Lowest extraction efficiency of 63% was found at HCl concentration of 0.05 M. Lower concentration of protonation agent caused lower tendency for ACTP-TOA complex to form and hence limiting the mass transfer process. Further increase in HCl concentration of 0.5 M from 0.1 M did not significantly increase extraction efficiency; both at 86 and 84% respectively. In addition, it increases the emulsion swelling of the liquid membrane and enhanced the risk of ACTP back diffusion to external phase [31,32]. Therefore, HCl concentration of 0.1 M was chosen as the best in this study.

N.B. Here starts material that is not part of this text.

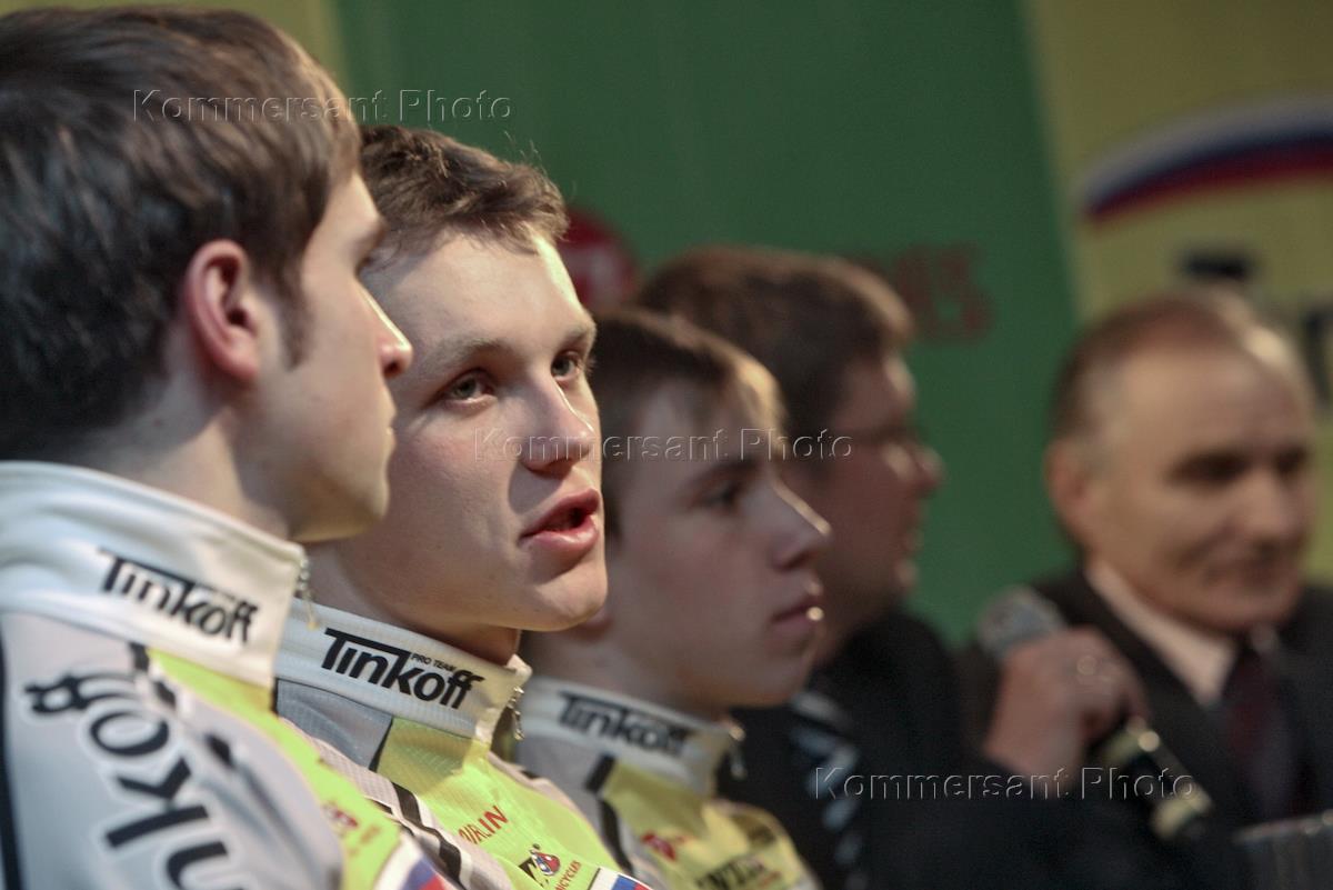Тренер по велоспорту Александр Кузнецов (второй справа) на презентации российской команды по велосипедному спорту "Тинькофф" в ресторане "Тинькофф".
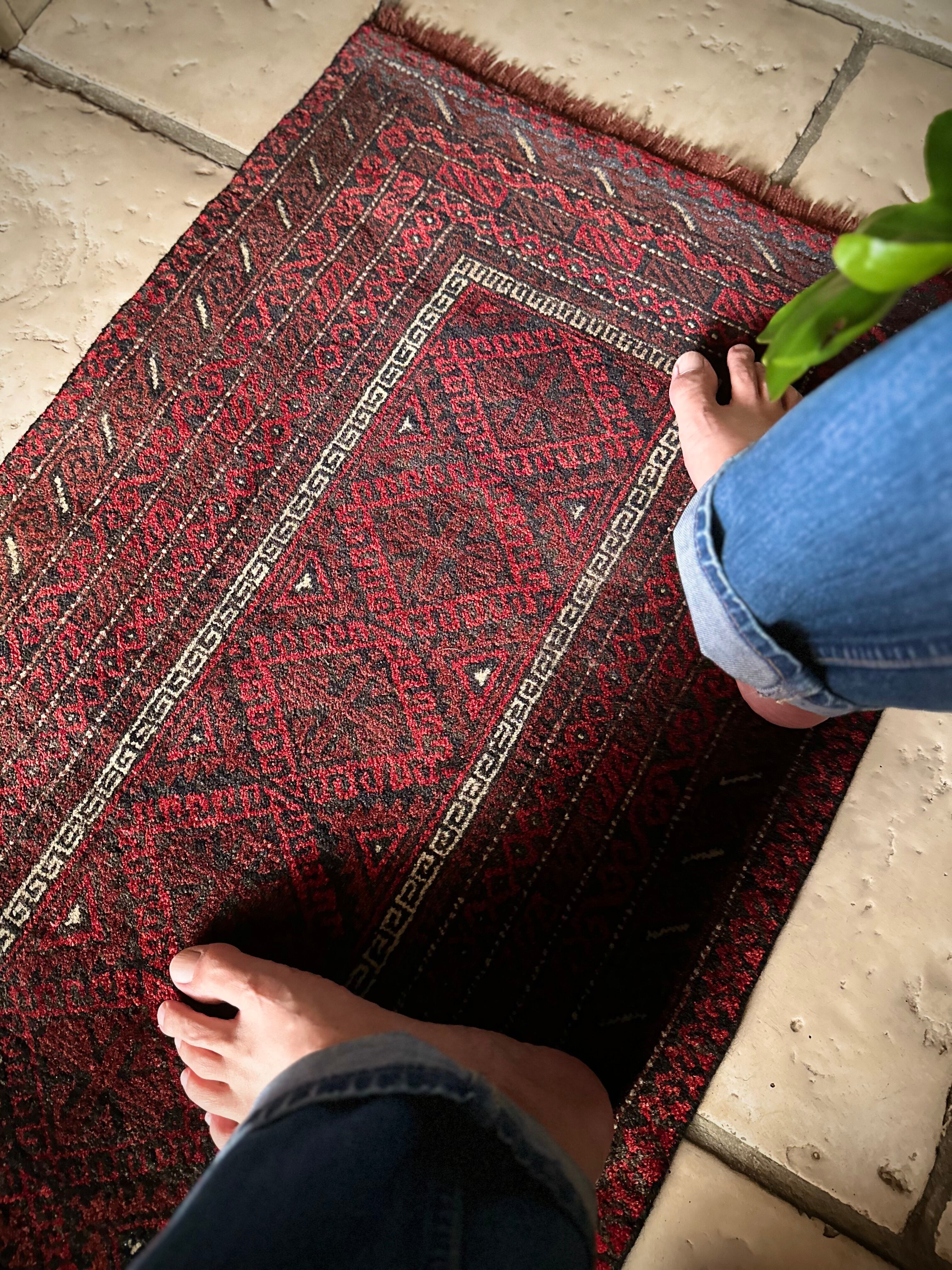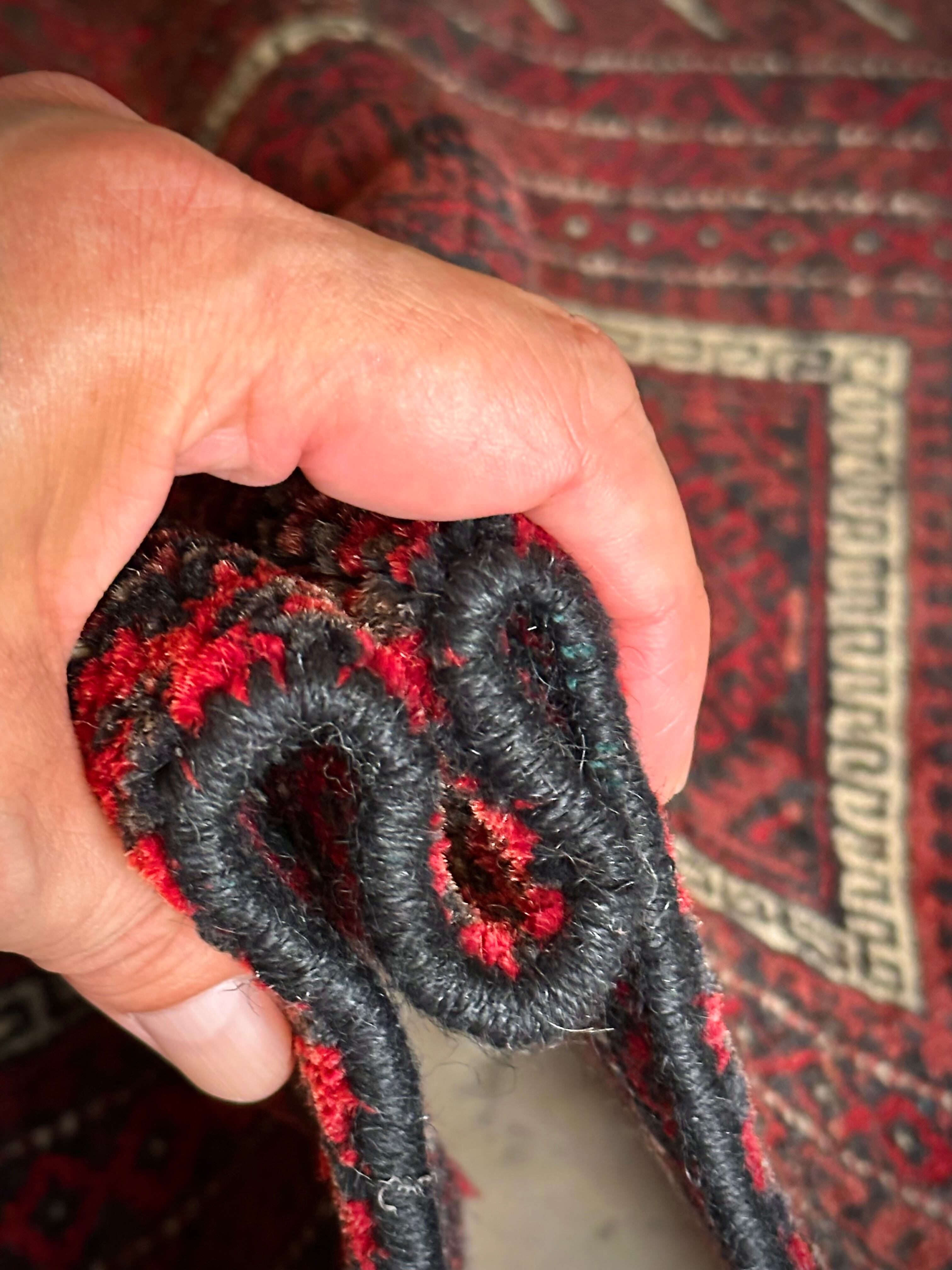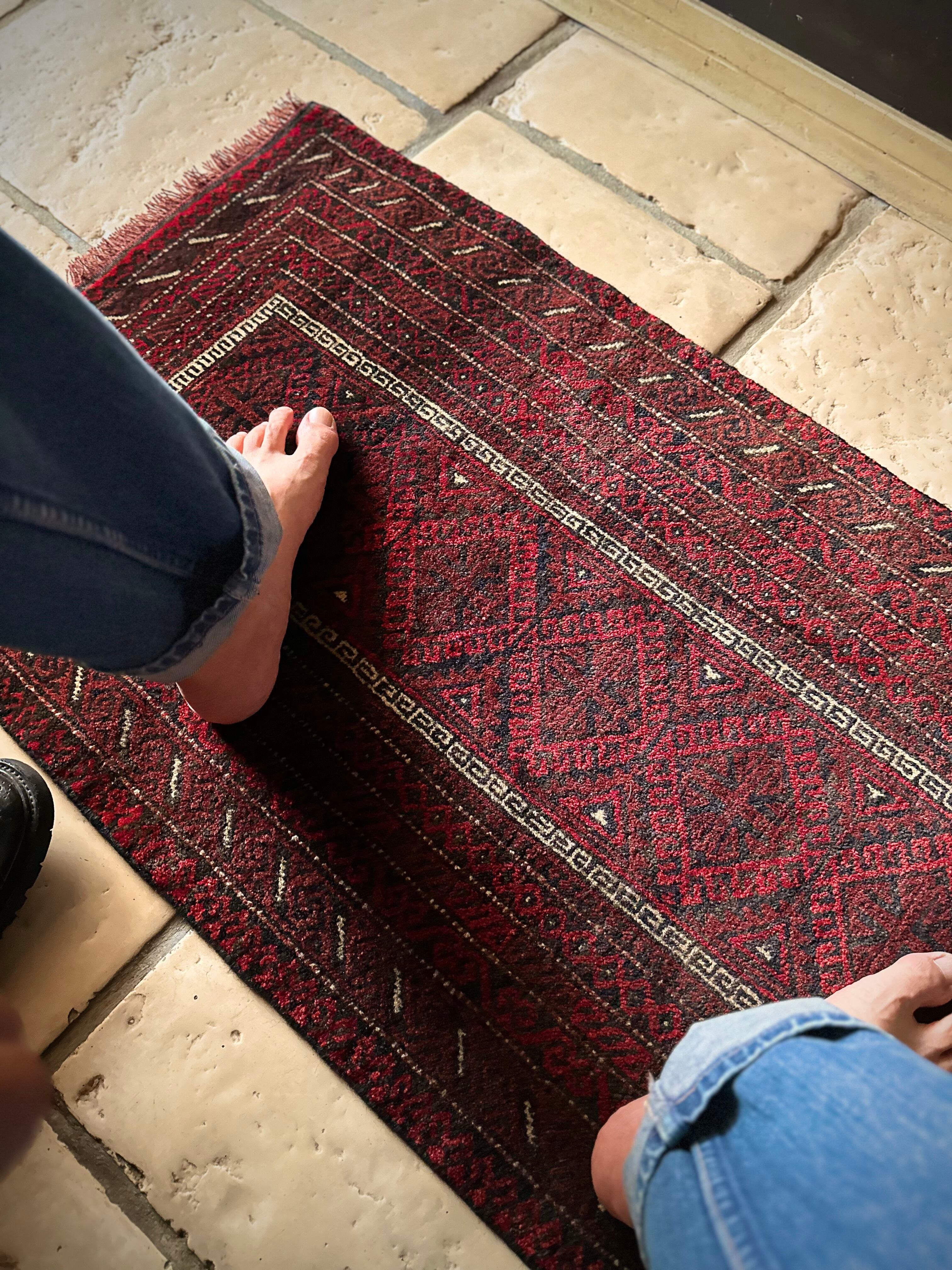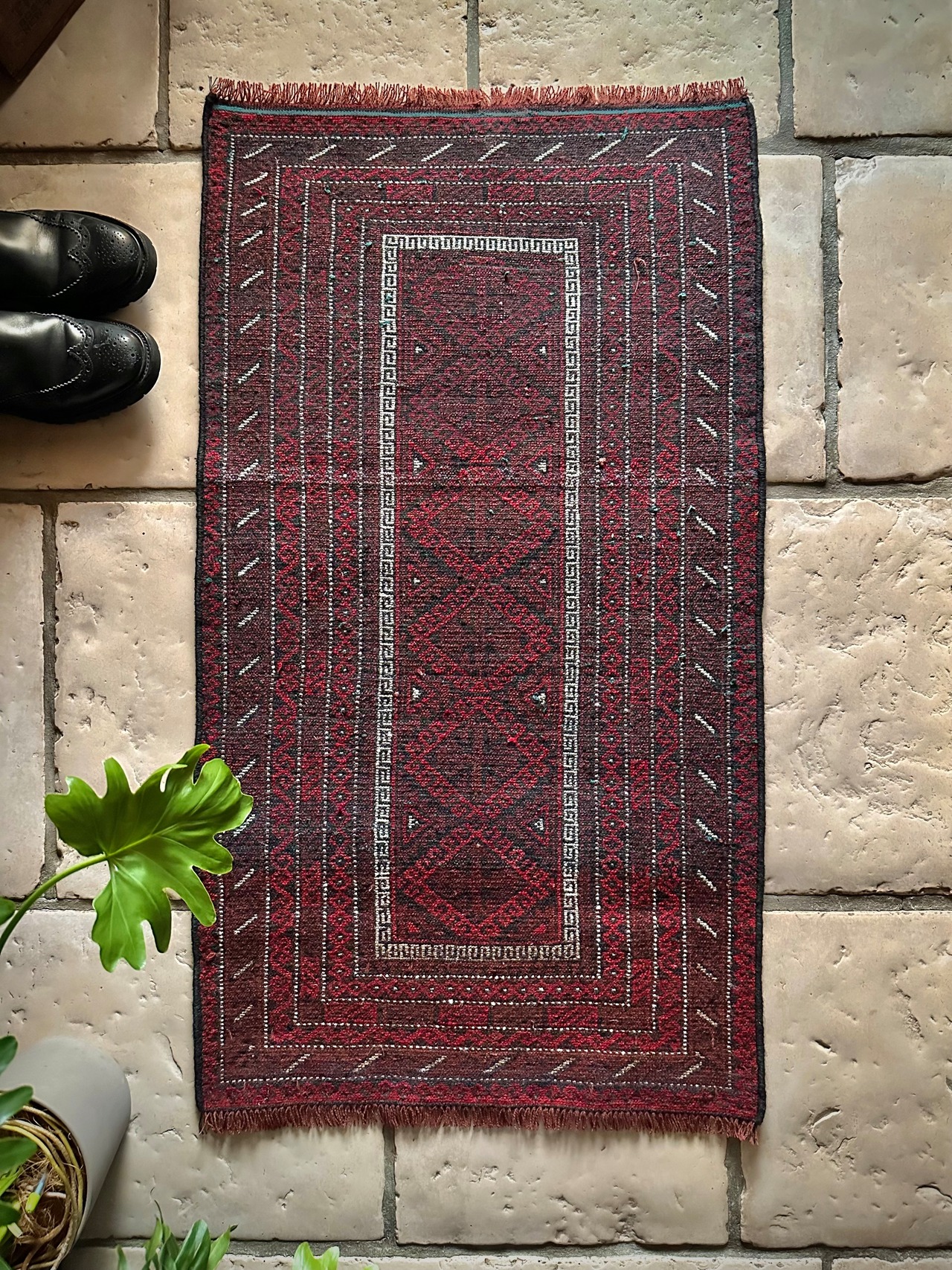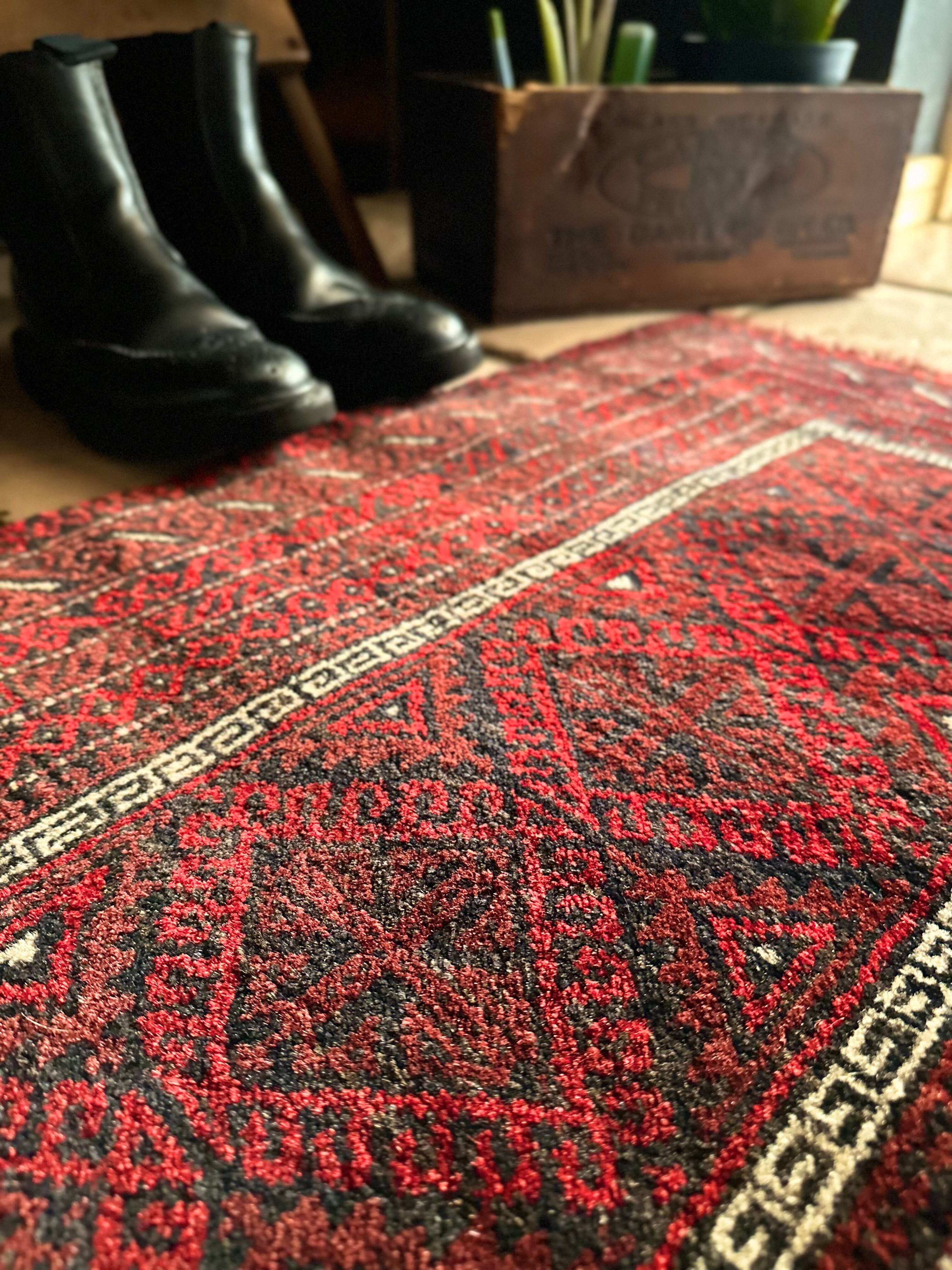 バルーチらしい深紅な色合いにチェーンの連続紋様が目を引く1枚で、小さいながらもしっかりとした織りに玄関やチェスト前など多様な使い道がありますが、個人的には汚れが目立たないのでキッチンマットとしてもお勧めです。

3.6. Effect of Initial Feed Concentration

Concentration differences between the external (feed) and internal phase impose a significant driving force on the diffusion process. The extraction efficiency of ACTP was studied at initial feed concentrations of 6, 8, 10, and 15 ppm. The effect of initial feed concentration on extraction efficiency is shown in Figure 6. Extraction efficiency increased with an increase of initial feed concentration. This is due to higher chemical potential between the feed and internal phase. The highest extraction efficiency achieved was at 85% for 10 ppm ACTP. Beyond the concentration of 10 ppm, the extraction efficiency slightly decreased to 72%. When the feed ACTP concentration is low, most of the solute will diffuse into the internal phase, entering firstly through the peripheral regions of the emulsion droplets. However, at a high ppm level, since the outer layer has already been saturated, the rest of the solutes were required to permeate deeper into the emulsion droplets [33,34]. This caused stripped ACTP to pursue a longer diffusional path in the internal phase and hence decreased its extraction efficiency. This result is in line with [6] and [35].

Figure 6

Effect of HCl concentration (Experimental condition: [Ammonia] = 0.1 M; [TOA] = 6 wt%; [Span 80] = 6 wt%; [HCl] = 0.1 M; Volume Ratio = 3:1; Stripping Agent = Ammonia; Diluent = Kerosene).

4. Conclusions

ELM formulation for ACTP extraction was performed and the formulation parameters were optimised. Diluent was noted as a suitable diluent while ammonia was noted as a suitable stripping agent for this purpose. The best formulation of ELM for this study was found at 0.1 M concentration of stripping agent, volume ratio of 3:1, and 0.1 M of HCl concentration. Under the ideal conditions, around 85% of acetaminophen was successfully extracted for an ACTP initial concentration of 10 ppm.